Exercise objective: With the line that contains "В прошедшем матче" as the final line, return every line from the start of the data below exactly.
★ ★ ★
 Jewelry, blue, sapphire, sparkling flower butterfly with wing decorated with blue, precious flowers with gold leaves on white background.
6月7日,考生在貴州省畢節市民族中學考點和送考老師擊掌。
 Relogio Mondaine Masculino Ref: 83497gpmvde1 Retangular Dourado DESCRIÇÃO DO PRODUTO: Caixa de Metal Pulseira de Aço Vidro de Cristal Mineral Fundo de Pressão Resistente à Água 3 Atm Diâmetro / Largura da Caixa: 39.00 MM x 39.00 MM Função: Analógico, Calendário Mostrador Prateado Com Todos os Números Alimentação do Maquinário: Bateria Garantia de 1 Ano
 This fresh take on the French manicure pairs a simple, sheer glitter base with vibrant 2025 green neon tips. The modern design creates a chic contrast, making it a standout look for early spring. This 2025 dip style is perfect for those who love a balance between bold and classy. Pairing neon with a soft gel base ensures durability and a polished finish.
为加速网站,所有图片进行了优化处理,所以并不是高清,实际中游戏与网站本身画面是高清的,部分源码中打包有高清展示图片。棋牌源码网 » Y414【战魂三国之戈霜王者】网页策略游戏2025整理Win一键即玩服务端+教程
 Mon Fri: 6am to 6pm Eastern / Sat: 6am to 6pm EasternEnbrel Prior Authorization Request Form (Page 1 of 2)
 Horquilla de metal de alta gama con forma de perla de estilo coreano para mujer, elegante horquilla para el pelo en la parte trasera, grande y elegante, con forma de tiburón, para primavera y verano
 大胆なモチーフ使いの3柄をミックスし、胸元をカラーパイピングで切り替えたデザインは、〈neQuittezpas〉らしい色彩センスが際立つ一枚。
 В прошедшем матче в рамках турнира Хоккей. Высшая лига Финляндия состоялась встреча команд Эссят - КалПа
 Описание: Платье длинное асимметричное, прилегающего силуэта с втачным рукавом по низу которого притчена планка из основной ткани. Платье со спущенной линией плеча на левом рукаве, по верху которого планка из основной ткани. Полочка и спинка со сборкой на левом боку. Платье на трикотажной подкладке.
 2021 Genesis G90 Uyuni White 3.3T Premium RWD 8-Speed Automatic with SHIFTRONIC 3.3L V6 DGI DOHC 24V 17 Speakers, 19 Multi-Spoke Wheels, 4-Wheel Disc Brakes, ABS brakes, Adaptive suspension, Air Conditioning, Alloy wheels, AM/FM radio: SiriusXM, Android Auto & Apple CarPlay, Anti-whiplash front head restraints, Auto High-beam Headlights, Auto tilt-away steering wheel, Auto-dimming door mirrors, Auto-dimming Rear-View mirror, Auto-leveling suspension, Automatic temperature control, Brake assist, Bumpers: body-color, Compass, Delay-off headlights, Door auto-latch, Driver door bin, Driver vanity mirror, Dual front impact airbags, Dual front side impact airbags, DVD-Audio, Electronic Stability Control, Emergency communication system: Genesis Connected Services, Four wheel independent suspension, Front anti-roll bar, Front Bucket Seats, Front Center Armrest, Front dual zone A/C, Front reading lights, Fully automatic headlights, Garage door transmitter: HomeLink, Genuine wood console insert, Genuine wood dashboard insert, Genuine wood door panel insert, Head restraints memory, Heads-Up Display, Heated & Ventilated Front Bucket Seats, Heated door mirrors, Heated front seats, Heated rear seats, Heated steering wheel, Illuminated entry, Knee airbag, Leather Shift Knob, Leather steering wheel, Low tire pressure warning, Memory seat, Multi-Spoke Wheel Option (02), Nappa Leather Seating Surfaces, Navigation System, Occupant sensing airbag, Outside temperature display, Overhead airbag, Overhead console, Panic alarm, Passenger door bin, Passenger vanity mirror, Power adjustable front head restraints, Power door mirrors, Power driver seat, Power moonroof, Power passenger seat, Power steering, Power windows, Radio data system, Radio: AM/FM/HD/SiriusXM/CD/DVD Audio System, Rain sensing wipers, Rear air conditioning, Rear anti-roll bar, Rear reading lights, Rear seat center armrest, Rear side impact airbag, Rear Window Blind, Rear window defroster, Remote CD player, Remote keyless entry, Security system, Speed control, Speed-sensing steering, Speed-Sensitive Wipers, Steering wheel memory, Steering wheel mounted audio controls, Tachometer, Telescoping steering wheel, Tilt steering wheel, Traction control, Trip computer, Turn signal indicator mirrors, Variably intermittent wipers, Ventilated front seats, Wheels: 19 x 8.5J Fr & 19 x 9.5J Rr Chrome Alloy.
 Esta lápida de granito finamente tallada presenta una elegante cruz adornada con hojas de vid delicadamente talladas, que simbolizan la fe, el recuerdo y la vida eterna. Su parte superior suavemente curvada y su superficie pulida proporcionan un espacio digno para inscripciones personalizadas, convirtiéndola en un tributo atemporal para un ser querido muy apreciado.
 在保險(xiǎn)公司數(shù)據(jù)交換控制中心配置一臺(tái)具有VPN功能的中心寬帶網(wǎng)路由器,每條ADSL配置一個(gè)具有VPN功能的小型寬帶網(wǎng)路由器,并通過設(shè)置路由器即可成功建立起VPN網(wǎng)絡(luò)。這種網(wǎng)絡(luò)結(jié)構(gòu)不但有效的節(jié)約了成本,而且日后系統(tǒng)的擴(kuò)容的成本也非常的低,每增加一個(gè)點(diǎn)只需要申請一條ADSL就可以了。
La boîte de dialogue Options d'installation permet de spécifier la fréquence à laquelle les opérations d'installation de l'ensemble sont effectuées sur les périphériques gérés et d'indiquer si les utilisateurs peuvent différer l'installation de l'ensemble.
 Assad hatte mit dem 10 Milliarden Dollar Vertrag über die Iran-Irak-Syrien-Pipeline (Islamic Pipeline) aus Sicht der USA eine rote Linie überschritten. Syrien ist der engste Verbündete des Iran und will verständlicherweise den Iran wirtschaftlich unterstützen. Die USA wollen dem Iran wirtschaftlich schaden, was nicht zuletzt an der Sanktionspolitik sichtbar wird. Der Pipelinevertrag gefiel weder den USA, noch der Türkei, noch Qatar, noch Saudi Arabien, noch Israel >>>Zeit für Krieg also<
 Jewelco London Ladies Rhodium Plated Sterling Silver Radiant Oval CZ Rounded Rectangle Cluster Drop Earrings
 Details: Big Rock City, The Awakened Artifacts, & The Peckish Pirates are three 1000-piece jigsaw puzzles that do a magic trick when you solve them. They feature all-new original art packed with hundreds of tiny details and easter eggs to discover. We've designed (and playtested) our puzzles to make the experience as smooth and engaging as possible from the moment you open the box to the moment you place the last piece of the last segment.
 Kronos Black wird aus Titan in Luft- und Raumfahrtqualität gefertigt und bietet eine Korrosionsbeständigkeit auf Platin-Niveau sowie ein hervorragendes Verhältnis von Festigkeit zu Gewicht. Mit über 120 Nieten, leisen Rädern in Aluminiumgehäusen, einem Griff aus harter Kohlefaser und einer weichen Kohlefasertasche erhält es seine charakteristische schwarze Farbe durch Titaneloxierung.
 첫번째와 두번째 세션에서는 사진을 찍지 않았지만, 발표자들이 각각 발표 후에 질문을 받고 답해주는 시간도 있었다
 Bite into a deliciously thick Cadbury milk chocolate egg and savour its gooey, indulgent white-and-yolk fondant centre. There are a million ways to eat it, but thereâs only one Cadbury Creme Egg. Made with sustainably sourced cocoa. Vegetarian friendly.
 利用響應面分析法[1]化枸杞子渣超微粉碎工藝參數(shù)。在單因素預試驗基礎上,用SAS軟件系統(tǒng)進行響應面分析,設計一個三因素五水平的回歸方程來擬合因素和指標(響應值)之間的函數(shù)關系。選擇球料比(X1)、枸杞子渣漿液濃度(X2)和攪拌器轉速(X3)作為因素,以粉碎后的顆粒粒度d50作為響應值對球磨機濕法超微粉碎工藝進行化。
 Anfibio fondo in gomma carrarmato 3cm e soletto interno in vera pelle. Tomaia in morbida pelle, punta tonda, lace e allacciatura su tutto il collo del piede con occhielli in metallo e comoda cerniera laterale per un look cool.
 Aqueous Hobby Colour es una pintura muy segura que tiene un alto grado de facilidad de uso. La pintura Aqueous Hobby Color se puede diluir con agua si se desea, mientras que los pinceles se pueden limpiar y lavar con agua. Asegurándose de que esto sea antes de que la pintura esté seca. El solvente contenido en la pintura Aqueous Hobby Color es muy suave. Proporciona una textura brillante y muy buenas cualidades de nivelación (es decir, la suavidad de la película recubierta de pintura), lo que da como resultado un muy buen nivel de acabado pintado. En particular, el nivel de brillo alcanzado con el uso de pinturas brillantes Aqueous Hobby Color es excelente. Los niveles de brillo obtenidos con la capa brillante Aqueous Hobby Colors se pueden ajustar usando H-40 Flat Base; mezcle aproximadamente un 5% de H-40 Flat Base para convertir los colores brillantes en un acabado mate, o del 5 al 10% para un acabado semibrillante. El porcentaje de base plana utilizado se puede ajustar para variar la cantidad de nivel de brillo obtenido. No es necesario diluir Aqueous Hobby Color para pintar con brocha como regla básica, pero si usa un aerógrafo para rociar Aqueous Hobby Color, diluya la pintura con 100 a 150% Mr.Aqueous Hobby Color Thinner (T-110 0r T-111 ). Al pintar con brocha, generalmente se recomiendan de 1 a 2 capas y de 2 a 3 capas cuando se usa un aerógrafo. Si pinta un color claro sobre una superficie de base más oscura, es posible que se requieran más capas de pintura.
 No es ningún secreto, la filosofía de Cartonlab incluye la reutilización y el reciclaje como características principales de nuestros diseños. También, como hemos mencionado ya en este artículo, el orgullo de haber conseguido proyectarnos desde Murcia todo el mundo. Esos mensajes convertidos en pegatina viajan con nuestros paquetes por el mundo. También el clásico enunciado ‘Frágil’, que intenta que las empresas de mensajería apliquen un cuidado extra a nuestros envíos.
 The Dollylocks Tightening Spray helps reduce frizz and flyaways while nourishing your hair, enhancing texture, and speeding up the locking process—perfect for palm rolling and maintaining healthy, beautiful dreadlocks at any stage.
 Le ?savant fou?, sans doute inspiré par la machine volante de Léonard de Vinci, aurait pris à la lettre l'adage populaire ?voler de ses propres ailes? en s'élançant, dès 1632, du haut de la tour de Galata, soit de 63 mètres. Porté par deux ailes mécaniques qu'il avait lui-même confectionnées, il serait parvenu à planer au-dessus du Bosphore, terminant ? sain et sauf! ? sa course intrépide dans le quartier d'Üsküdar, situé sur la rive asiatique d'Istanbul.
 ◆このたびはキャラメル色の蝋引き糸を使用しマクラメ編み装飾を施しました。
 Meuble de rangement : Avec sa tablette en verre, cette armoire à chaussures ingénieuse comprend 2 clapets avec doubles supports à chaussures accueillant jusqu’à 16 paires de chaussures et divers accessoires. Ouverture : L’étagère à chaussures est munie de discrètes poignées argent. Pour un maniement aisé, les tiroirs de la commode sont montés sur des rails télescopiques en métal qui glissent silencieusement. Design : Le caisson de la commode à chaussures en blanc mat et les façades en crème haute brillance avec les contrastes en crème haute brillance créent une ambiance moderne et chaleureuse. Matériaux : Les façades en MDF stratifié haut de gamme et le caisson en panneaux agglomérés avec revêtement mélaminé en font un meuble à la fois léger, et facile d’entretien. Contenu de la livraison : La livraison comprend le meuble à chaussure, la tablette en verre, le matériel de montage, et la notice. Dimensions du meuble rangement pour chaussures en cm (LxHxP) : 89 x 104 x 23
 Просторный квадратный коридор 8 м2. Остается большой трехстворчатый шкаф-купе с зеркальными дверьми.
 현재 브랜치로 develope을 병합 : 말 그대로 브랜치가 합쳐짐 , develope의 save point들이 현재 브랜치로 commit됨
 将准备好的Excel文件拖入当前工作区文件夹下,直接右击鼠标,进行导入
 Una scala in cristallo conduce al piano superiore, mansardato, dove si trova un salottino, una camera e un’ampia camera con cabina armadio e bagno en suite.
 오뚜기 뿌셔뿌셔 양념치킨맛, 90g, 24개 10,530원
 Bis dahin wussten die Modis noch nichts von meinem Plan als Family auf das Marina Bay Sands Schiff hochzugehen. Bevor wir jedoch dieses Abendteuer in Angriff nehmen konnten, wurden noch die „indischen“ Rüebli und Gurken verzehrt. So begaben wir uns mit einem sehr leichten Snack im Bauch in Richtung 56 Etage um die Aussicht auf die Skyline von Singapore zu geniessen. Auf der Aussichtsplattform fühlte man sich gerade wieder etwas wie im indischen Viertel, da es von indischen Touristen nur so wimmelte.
★ ★ ★
Solution for this task:
 Jewelry, blue, sapphire, sparkling flower butterfly with wing decorated with blue, precious flowers with gold leaves on white background.
6月7日,考生在貴州省畢節市民族中學考點和送考老師擊掌。
 Relogio Mondaine Masculino Ref: 83497gpmvde1 Retangular Dourado DESCRIÇÃO DO PRODUTO: Caixa de Metal Pulseira de Aço Vidro de Cristal Mineral Fundo de Pressão Resistente à Água 3 Atm Diâmetro / Largura da Caixa: 39.00 MM x 39.00 MM Função: Analógico, Calendário Mostrador Prateado Com Todos os Números Alimentação do Maquinário: Bateria Garantia de 1 Ano
 This fresh take on the French manicure pairs a simple, sheer glitter base with vibrant 2025 green neon tips. The modern design creates a chic contrast, making it a standout look for early spring. This 2025 dip style is perfect for those who love a balance between bold and classy. Pairing neon with a soft gel base ensures durability and a polished finish.
为加速网站,所有图片进行了优化处理,所以并不是高清,实际中游戏与网站本身画面是高清的,部分源码中打包有高清展示图片。棋牌源码网 » Y414【战魂三国之戈霜王者】网页策略游戏2025整理Win一键即玩服务端+教程
 Mon Fri: 6am to 6pm Eastern / Sat: 6am to 6pm EasternEnbrel Prior Authorization Request Form (Page 1 of 2)
 Horquilla de metal de alta gama con forma de perla de estilo coreano para mujer, elegante horquilla para el pelo en la parte trasera, grande y elegante, con forma de tiburón, para primavera y verano
 大胆なモチーフ使いの3柄をミックスし、胸元をカラーパイピングで切り替えたデザインは、〈neQuittezpas〉らしい色彩センスが際立つ一枚。
 В прошедшем матче в рамках турнира Хоккей. Высшая лига Финляндия состоялась встреча команд Эссят - КалПа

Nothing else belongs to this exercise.